Fighters for the Islamic State of Iraq and Syria, bastard progeny of Al Qaeda in Iraq, advanced on the city over the weekend, as they had done successfully in Fallujah earlier this year. As the ISIS jihadis approached, soldiers of Iraq's U.S.-trained army abandoned their posts and weapons and fled, leaving the southern part of the city and nearly 2 million local inhabitants free for the taking.

Mosul is perhaps the most important site yet contested by the multinational brigade of jihadis, for whom it is a financial and logistical hub for fighting both Syrian dictator Bashar al-Assad and the Iraqi coalition government in Baghdad, led by Prime Minister Nuri al-Maliki. For years through the Iraq war, the oil-rich city alternated between bloody battles and relative peace, thanks in part to painstaking efforts by the American forces whose presence had destabilized it in the first place.

Maliki has urged Iraq's Parliament to declare a state of emergency, and he's likely to ask the international community for help. Good luck with that:

The capture of Mosul demonstrates that the insurgents now have the capacity to seize strategically vital territory, positioning them to threaten other important areas of Iraq, said Charles Lister of the Doha Brookings Center based in Qatar.

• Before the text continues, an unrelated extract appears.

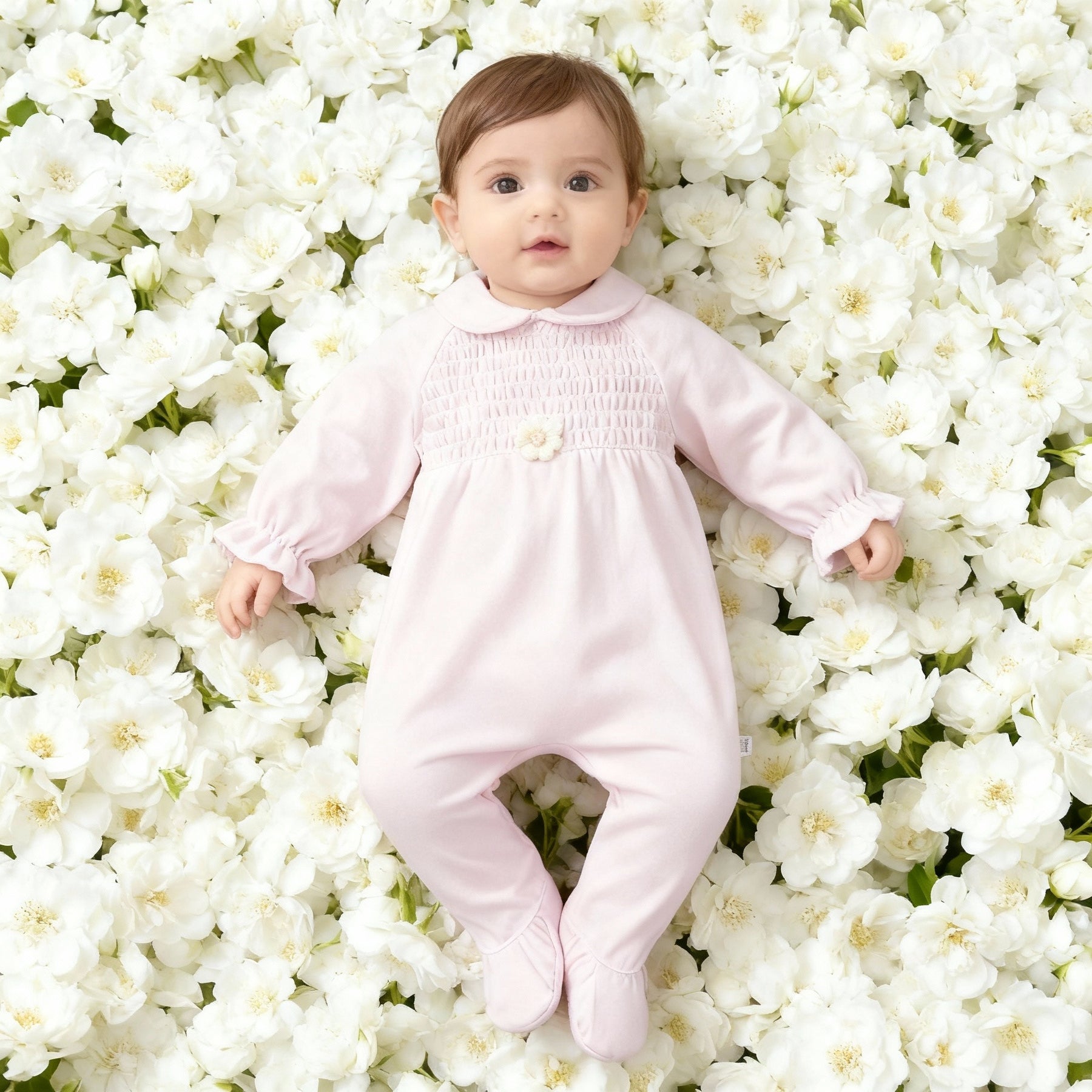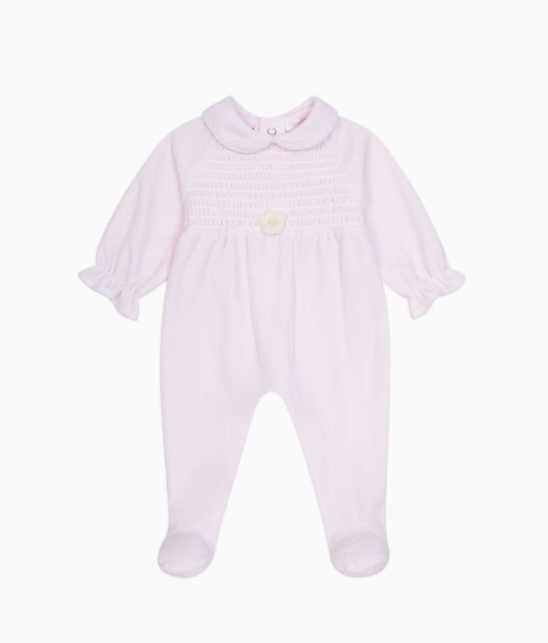 Get ready for cuteness overload with the Deolinda Pink Flower Babygrow! Made from soft velour and featuring a charming Peter Pan collar, and beautiful flower to the centre.

It also raises questions about the continued utility of sending U.S. military support to Maliki, whose security forces seem simply to have crumbled. Maliki is urging the United States to deliver more advanced weaponry, but ISIS fighters have already been seen riding round in U.S.-supplied Humvees in other areas they control, and much of the weaponry captured in this latest battle is likely to be American, Lister said.

ISIS—which fused elements of Al Qaeda in Iraq with anti-Assad Syrian fighters, but has broken publicly with global Al Qaeda leader Ayman al-Zawahiri in recent months—gleefully tweeted out photos of its fighters frolicking on those American Humvees:

Meanwhile, the city's civilian population is making for the exits any way it can.